The 2024 Tridimas Opinion expresses the view that the ICJ Opinion provides "additional very strong support" for the conclusion reached in the 2018 Tridimas Opinion. The 2024 Tridimas Opinion also diverges from the 2018 AG Advice, by reason of a different interpretation of the relevant EU law. The 2024 Tridimas Opinion is focused on matters extraneous to the 2018 AG Advice.
However. the difference of views highlights that the question of whether the Bill is compatible with EU law is complex and far from straightforward.
As I will go on to explain, the CJEU has never decided whether the public policy exception can be relied on to justify restrictions similar to those in the Bill. While arguments can be made in favour of the exception applying, the case law demonstrates that the public policy exception is construed strictly by the CJEU and is invoked successfully only very rarely.
Thus, if the Bill is enacted it is difficult to advise with certainty what the consequences might be for the State but what is clear is that, if the State seeks to invoke the public policy exception as justification for taking unilateral action in an area of exclusive EU competence, the burden of proof will rest on the State to prove that, in the circumstances, the exception is justified.

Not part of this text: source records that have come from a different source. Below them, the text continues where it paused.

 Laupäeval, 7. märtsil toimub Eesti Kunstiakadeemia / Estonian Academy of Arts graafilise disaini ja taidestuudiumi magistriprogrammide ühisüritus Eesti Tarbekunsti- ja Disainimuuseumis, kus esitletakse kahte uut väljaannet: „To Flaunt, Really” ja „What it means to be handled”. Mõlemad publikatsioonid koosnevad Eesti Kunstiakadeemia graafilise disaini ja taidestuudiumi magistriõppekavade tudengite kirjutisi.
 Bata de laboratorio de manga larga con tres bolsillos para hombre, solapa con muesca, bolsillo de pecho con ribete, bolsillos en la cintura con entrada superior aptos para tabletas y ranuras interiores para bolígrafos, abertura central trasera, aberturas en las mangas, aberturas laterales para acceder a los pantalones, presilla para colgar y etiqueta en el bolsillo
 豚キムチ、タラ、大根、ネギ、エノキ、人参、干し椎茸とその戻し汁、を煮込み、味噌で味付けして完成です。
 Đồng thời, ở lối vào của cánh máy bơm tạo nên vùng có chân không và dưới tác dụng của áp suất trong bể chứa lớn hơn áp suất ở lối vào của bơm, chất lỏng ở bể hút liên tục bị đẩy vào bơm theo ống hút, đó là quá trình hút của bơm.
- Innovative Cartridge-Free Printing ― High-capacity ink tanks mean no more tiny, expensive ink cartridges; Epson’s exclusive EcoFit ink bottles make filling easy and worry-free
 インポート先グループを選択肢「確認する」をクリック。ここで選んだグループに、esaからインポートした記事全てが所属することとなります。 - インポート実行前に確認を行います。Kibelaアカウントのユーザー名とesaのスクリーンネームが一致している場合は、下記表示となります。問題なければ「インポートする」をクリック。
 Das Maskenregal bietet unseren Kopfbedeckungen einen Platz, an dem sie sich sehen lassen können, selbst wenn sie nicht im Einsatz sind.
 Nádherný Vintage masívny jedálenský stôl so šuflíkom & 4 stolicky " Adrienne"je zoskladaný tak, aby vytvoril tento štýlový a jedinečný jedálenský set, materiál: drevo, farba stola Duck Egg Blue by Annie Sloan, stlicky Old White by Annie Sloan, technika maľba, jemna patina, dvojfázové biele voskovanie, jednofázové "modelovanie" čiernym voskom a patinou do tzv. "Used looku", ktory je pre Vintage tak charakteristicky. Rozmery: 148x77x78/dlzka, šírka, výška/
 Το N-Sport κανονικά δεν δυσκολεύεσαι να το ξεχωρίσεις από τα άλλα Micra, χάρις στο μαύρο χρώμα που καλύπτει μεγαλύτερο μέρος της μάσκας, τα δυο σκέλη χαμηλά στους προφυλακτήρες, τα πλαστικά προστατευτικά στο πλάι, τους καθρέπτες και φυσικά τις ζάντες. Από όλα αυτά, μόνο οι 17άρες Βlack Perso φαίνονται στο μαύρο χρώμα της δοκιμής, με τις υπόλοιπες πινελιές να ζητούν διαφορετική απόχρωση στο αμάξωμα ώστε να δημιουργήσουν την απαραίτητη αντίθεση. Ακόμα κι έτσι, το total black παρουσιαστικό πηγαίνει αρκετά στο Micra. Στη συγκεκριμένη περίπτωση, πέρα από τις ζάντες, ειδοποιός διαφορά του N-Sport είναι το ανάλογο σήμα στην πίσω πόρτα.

EU Trade Law and the Public Policy Exception
Article 2(1) TFEU provides that when the Treaties confer exclusive competence on the EU in a specific area, only the EU may legislate and adopt legally binding acts, the Member States being able to do so themselves only if so empowered by the EU or for the implementation of EU acts. Article 3(1) TFEU provides that the EU shall have exclusive competence in the areas of the customs union and the common commercial policy, meaning only the EU may legislate and adopt legally binding acts in these areas, unless the EU empowers Member States to do so themselves.
Article 207(1) TFEU provides that the common commercial policy shall be conducted in the context of the principles and objectives of the EU's external action. Similarly, Article 205 TFEU provides that the EU's action in the international arena shall be guided by the principles, pursue the objectives, and be conducted in accordance with, the general provisions laid down of Title V of the Treaty on European Union (the "TEU") which outlines the in Chapter 1 general provisions on the EU's external action.
Article 21(1) TEU provides inter alia that the EU's action on the international scene:
"shall be guided by the principles which have inspired its own creation, development and enlargement, and which it seeks to advance in the wider world: democracy, the rule of law, the universality and indivisibility of human rights and fundamental freedoms, respect for human dignity, the principles of equality and solidarity, and respect for the principles of the United Nations Charter and international law".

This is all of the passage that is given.